Satoshi’s blockchain experiment was working. More important, it was about to give birth to the next big innovation in blockchain: an explosion of baby bitcoins. 

Blockchain Is a Platform

As the price of bitcoin began to rise, developers realized bitcoin was just a starting point. Because bitcoin was open source, developers rushed to build their own spin-off projects, essentially “minting their own money.”

Some of these alternatives to bitcoin (or altcoins) began to build their own passionate communities. And because the value of a blockchain is directly correlated with the number of people using it,6 some of these altcoins are today worth billions of dollars.

Note

Altcoins: Alternatives to bitcoin, also called cryptocurrencies. (Since crypto sounds mysterious and scary, we prefer altcoins or, more broadly, digital assets.) Top altcoins include Ethereum, Ripple, and Litecoin. (See CoinMarketCap.com.)

An ecosystem of digital exchanges quickly emerged, allowing users to buy and sell these new digital assets. While skeptics scoffed that these assets had any value, a new class of digital traders started trading them anyway. As the industry matured, the market capitalization (or total value) of these digital assets swelled and today stands at about $300 billion.

These units of value are variously called coins or tokens, but it doesn’t matter what you call them; what matters is how users perceive them.

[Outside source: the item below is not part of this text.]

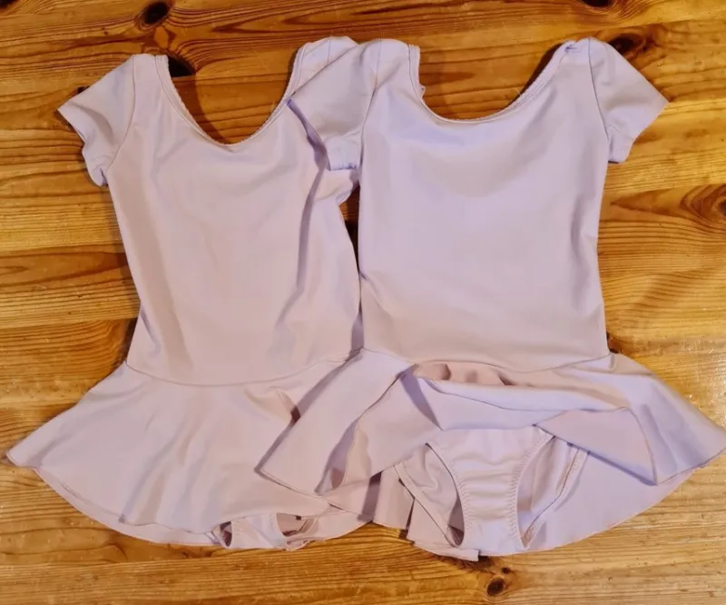 Tradera Gymnastik<Två stycken gammelrosa balettdräkt/gymnastikdräkt stl. 98
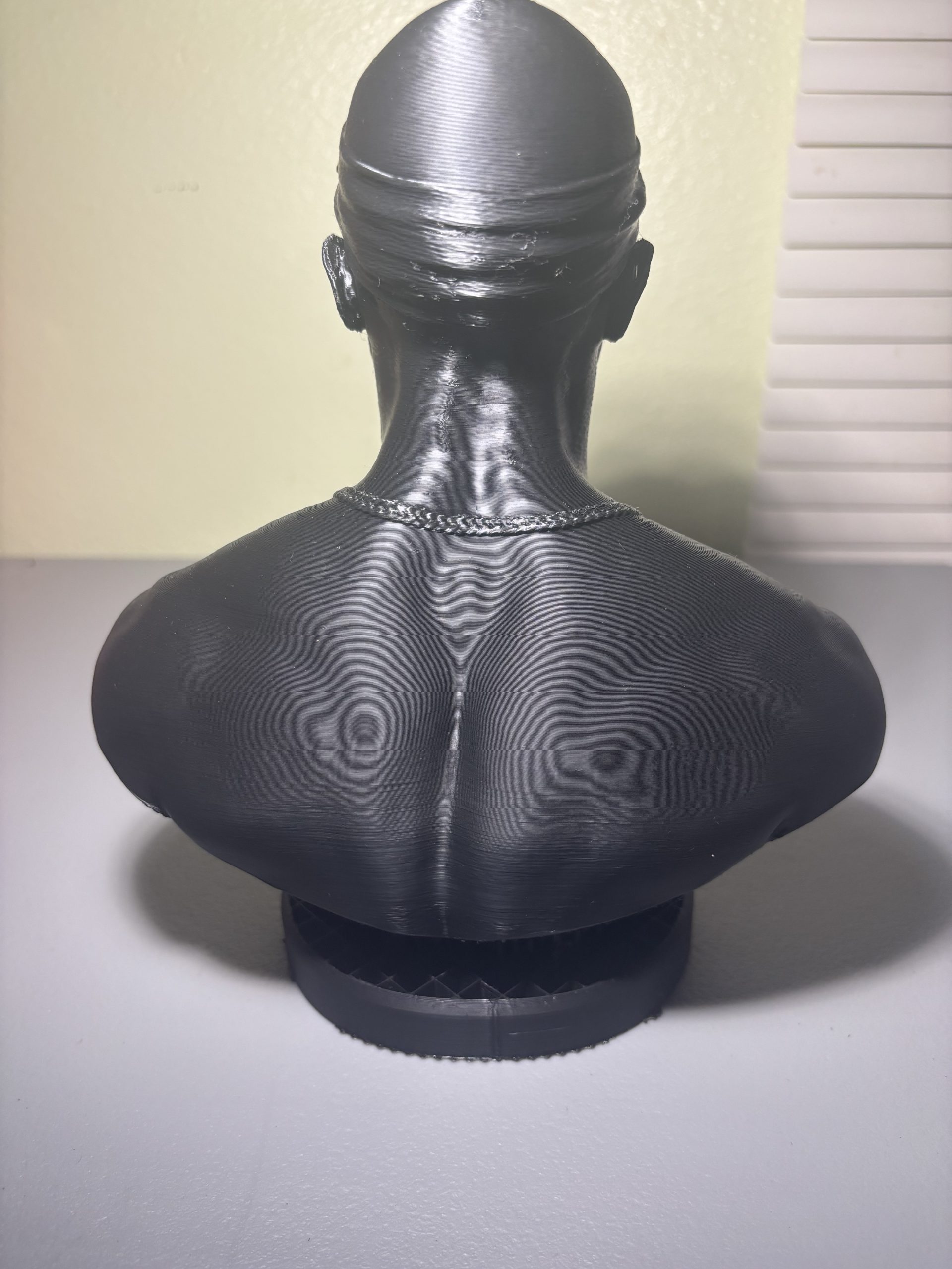 Honor the legacy of a hip-hop legend with this Tupac-inspired 3D-printed bust. Crafted with precision, this sleek black sculpture captures the essence of Tupac’s signature look, featuring his iconic bandana and a detailed cross pendant.

What the first explosion of digital assets taught us is that blockchain projects will have the best chance of user adoption if users perceive they are receiving something of value.

In other words, even if you don’t call them money, think about these digital assets as money.

The creation of any type of money involves many players besides the “buyer” and the “seller”: you’ll need banks, payment rails, accounting systems, and so on. Similarly, the creation of digital money (or digital value) on the blockchain platform typically involves an ecosystem of players. We’ll explore these in Chapter 2.

1 “IDC Sees the Dawn of the DX Economy and the Rise of the Digital-Native Enterprise,” Business Wire, November 1, 2016, https://www.businesswire.com/news/home/20161101005193/en/IDC-Sees-Dawn-DX-Economy-Rise-Digital-Native.

2 Satoshi Nakamoto, “Bitcoin: A Peer-to-Peer Electronic Cash System,” Bitcoin.org, October 31, 2008, https://bitcoin.org/bitcoin.pdf.

3 “Bitcoin History,” BitcoinWiki, June 27, 2019, https://en.bitcoinwiki.org/wiki/Bitcoin_history.

4 “DigiCash,” Wikipedia, August 6, 2019, https://en.wikipedia.org/wiki/DigiCash.

5 “E-Gold,” Wikipedia, December 17, 2018, https://en.wikipedia.org/wiki/E-gold.

6 Sir John Hargrave, Blockchain for Everyone (New York: Gallery Books, 2019), 321–328.